Consider log-transforming the target during modeling if error metrics improve (we'll try both approaches later).

## 4. Preprocessing pipeline
We'll build a ColumnTransformer:
- numeric: SimpleImputer(median) + StandardScaler
- categorical: SimpleImputer(constant="Missing") + OneHotEncoder(handle_unknown="ignore")
We'll choose numeric / categorical features heuristically:
  - All numeric dtypes except ID-like columns go to numeric.
  - Object/Category go to categorical.
  - Treat integer columns with small unique values (<=10) as categorical.

In [None]:
def choose_feature_columns(df, target_col):
    X = df.drop(columns=[target_col])
    numeric_cols = X.select_dtypes(include=["int64", "float64"]).columns.tolist()
    cat_from_numeric = [c for c in numeric_cols if X[c].nunique() <= 10]
    numeric_cols = [c for c in numeric_cols if c not in cat_from_numeric]
    categorical_cols = X.select_dtypes(include=["object", "category"]).columns.tolist() + cat_from_numeric
    # remove id-like columns
    id_like = [c for c in X.columns if any(k in c.lower() for k in ["id", "idx", "applicant"]) ]
    categorical_cols = [c for c in categorical_cols if c not in id_like]
    numeric_cols = [c for c in numeric_cols if c not in id_like]
    return numeric_cols, categorical_cols

numeric_cols, categorical_cols = choose_feature_columns(df, target_col)
print("Numeric columns (sample):", numeric_cols[:20])
print("Categorical columns (sample):", categorical_cols[:20])

# Construct preprocessor
numeric_pipeline = Pipeline([("imputer", SimpleImputer(strategy="median")), ("scaler", StandardScaler())])
categorical_pipeline = Pipeline([("imputer", SimpleImputer(strategy="constant", fill_value="Missing")),
                                 ("onehot", OneHotEncoder(handle_unknown="ignore", sparse=False))])

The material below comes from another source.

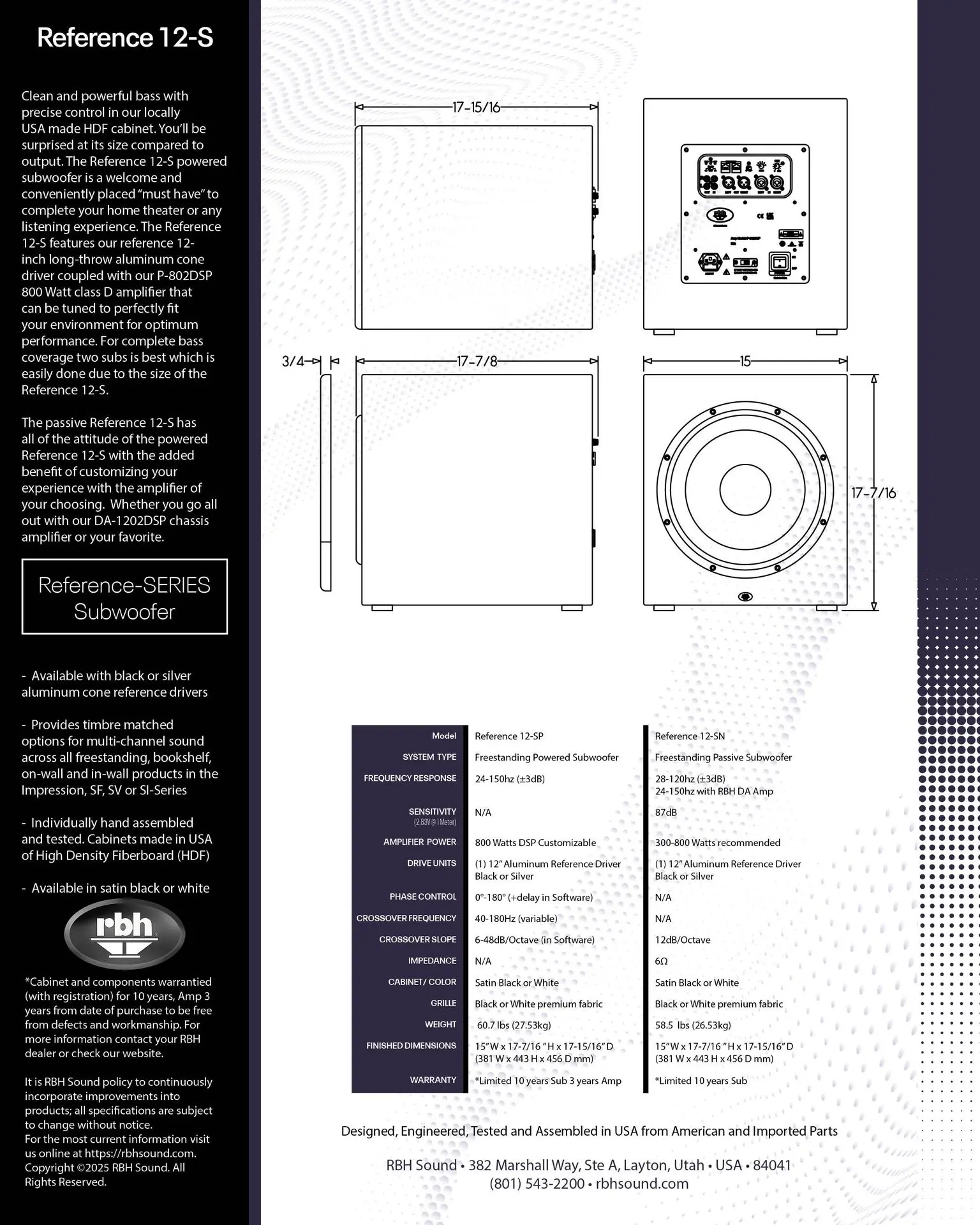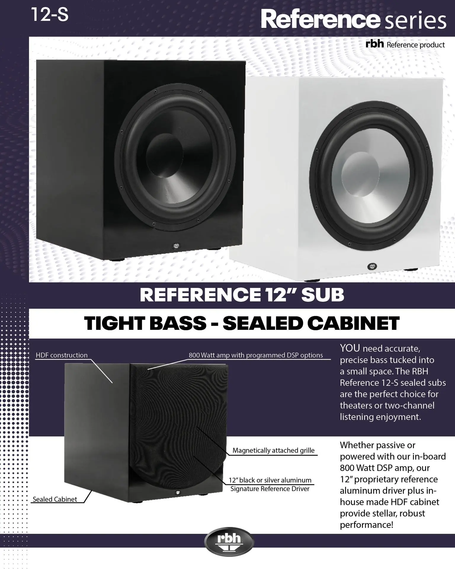 Built to deliver tight and accurate musical bass with power, the Reference 12-S subwoofer is a welcome and conveniently placed “must have” to complete your home theater or 2 channel system.  Whether you go all out with our DA-1202DSP amplifier or have the amplifier built in, the power is in your hands.

preprocessor = ColumnTransformer([("num", numeric_pipeline, numeric_cols),
                                   ("cat", categorical_pipeline, categorical_cols)],
                                  remainder="drop")

# Quick test: fit_transform small sample to ensure no errors
if len(df) > 0:
    X_sample = df.drop(columns=[target_col]).iloc[:50]
    _ = preprocessor.fit_transform(X_sample)

## 5. Candidate models & cross-validated comparison
We'll train pipelines with:
- Ridge
- RandomForest
- XGBoost (if available)
- LightGBM (if available)

We'll evaluate with 5-fold CV using RMSE, MAE, R2.

In [None]:
from sklearn.model_selection import KFold

RANDOM_STATE = 42
cv = 5
kf = KFold(n_splits=cv, shuffle=True, random_state=RANDOM_STATE)

candidates = {
    "Ridge": Ridge(random_state=RANDOM_STATE),
    "RandomForest": RandomForestRegressor(n_estimators=200, random_state=RANDOM_STATE, n_jobs=-1),
}
if XGBRegressor is not None:
    candidates["XGBoost"] = XGBRegressor(n_estimators=200, random_state=RANDOM_STATE, n_jobs=-1, verbosity=0)
if LGBMRegressor is not None:
    candidates["LightGBM"] = LGBMRegressor(n_estimators=200, random_state=RANDOM_STATE, n_jobs=-1, verbosity=-1)

results = {}
for name, model in candidates.items():
    print("Evaluating:", name)
    pipe = Pipeline([("preprocessor", preprocessor), ("model", model)])
    scoring = {"rmse": "neg_root_mean_squared_error", "mae": "neg_mean_absolute_error", "r2": "r2"}
    res = cross_validate(pipe, df.drop(columns=[target_col]), df[target_col],
                         scoring=scoring, cv=kf, n_jobs=-1, return_train_score=False)
    rmse = -res["test_rmse"].mean()
    mae = -res["test_mae"].mean()
    r2 = res["test_r2"].mean()
    results[name] = {"rmse": rmse, "mae": mae, "r2": r2}
    print(f"{name} -> RMSE: {rmse:.2f}, MAE: {mae:.2f}, R2: {r2:.4f}")
    print("-" * 40)

# Summarize results as DataFrame
res_df = pd.DataFrame(results).T.sort_values("rmse")
res_df

If Ridge performs very well compared to tree models, that suggests linear relationships (or good features). If tree models win, we can tune them further.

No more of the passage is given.